I would note that LGBT Ireland responded to the publication of this report with a tweet which read “The new Government report on conversion practices confirms what we already knew,” which would certainly be my concern.

It should go without saying that allowing not one, but several, advocacy groups to influence academic work has historically been considered rather a bad move. However, the fun doesn’t stop there.

One of the individuals thanked in the report is a “Mr Alan Edge from LGBT Ireland” for his “invaluable assistance to the research team.” Edge is a campaign officer for LGBT Ireland, as well as an Independent Cllr on South Dublin County Council. In his role at LGBT Ireland he oversees the Ban Conversion Therapy Campaign. The report notes that this campaign “created a steering committee which also supported the recruitment of participants and promoted the research.”

The report doesn’t state how many participants were sourced directly from this campaign group.

This report, which again was designed and commissioned to inform Government policy, seems to have willingly invited in an individual who is deeply involved in both the activism and politics of banning conversion therapy. And this person was let control the recruitment of an untold number of the participants in the study. Serious researchers tend to put considerable effort into protecting their results from being biased by either external or internal factors and so I’ve got to say I’m actually pretty impressed with the sheer audacity of just giving an activist, at least partial, control over your research.

Oh, and as the report doesn’t name the people on the research advisory group, but does note that that group contained representatives from LGBT Ireland, Edge may have sat on that group as well.

The report does not contain a full version of the survey questions, and the survey itself appears to have been taken offline, so I can’t comment on that side of things. The report does state that all of the respondents to the survey were anonymous, which is just fantastic given what we’ve discussed up to this point.

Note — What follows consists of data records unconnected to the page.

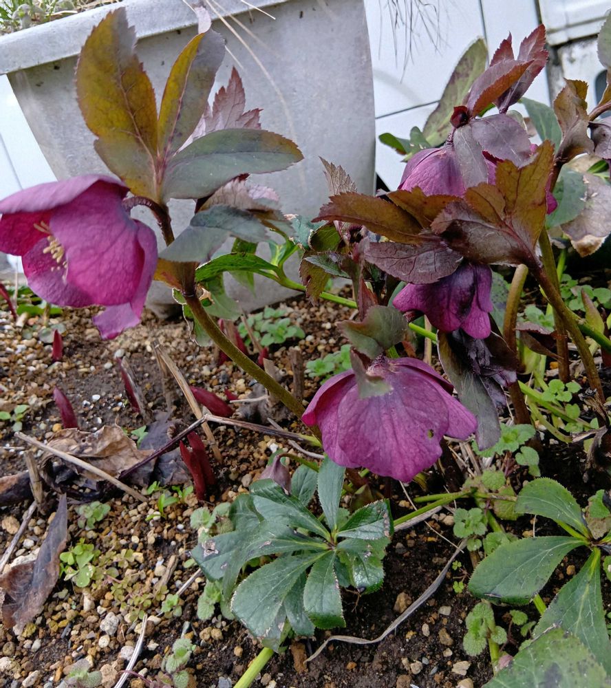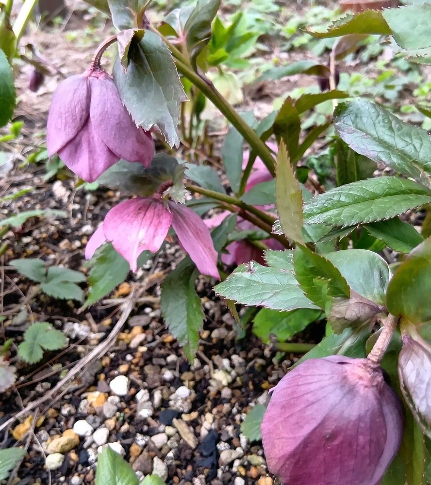 クリスマスローズ咲いてきました 長い間雪の下で頑張ってくれましたよ(*>∀<ฅ).。.:*♡(◍˃ ᵕ ˂◍)
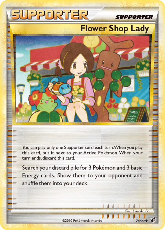 You can play only one Supporter card each turn. When you play this card, put it next to your Active Pokémon. When your turn ends, discard this card. Search your discard pile for 3 Pokémon and 3 basic Energy cards. Show them to your opponent and shuffle them into your deck.
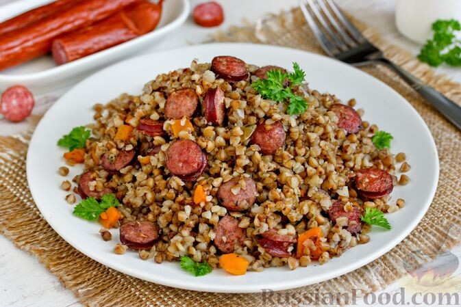 - Гречка с копчеными колбасками: идеально подается с луком и морковью. Обжаренные ингредиенты соединяются с гречкой и варятся, создавая насыщенное блюдо, которое понравится всем любителям копченостей.
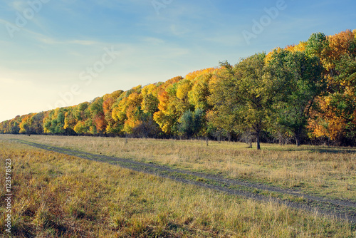 autumn, bright, colourful, gold, grove, landscape, line, orange, red, road, tree, yellow

None of this should be taken to suggest that Edge acted in any way inappropriately, but involving an activist in this fashion is inexcusable. There are ways of doing things in order to mitigate the possibility of bias tainting your results, and involving every advocacy group and activist on God’s green earth in your research is not in line with those mitigations. And then, on top of that, you put in fully anonymous responses to your survey, which opens the door to activist manipulation on an unquantifiable scale.

What I wonder is what exactly the Department of Education was doing all through this process. They had to have known about the design of the study, which means they should have known all of the issues with it. Given that, and that the Department paid for this work, one would have to assume that the Department actively supported the study design and the involvement of the advocacy and activist groups; they may even have been the people who suggested the inclusion of these groups. I, for one, would be rather interested in knowing exactly why the Department supported the research being conducted in this fashion, rather than in a more rigorous one, and if it was the Department, rather than the TCD academics, who suggested this design.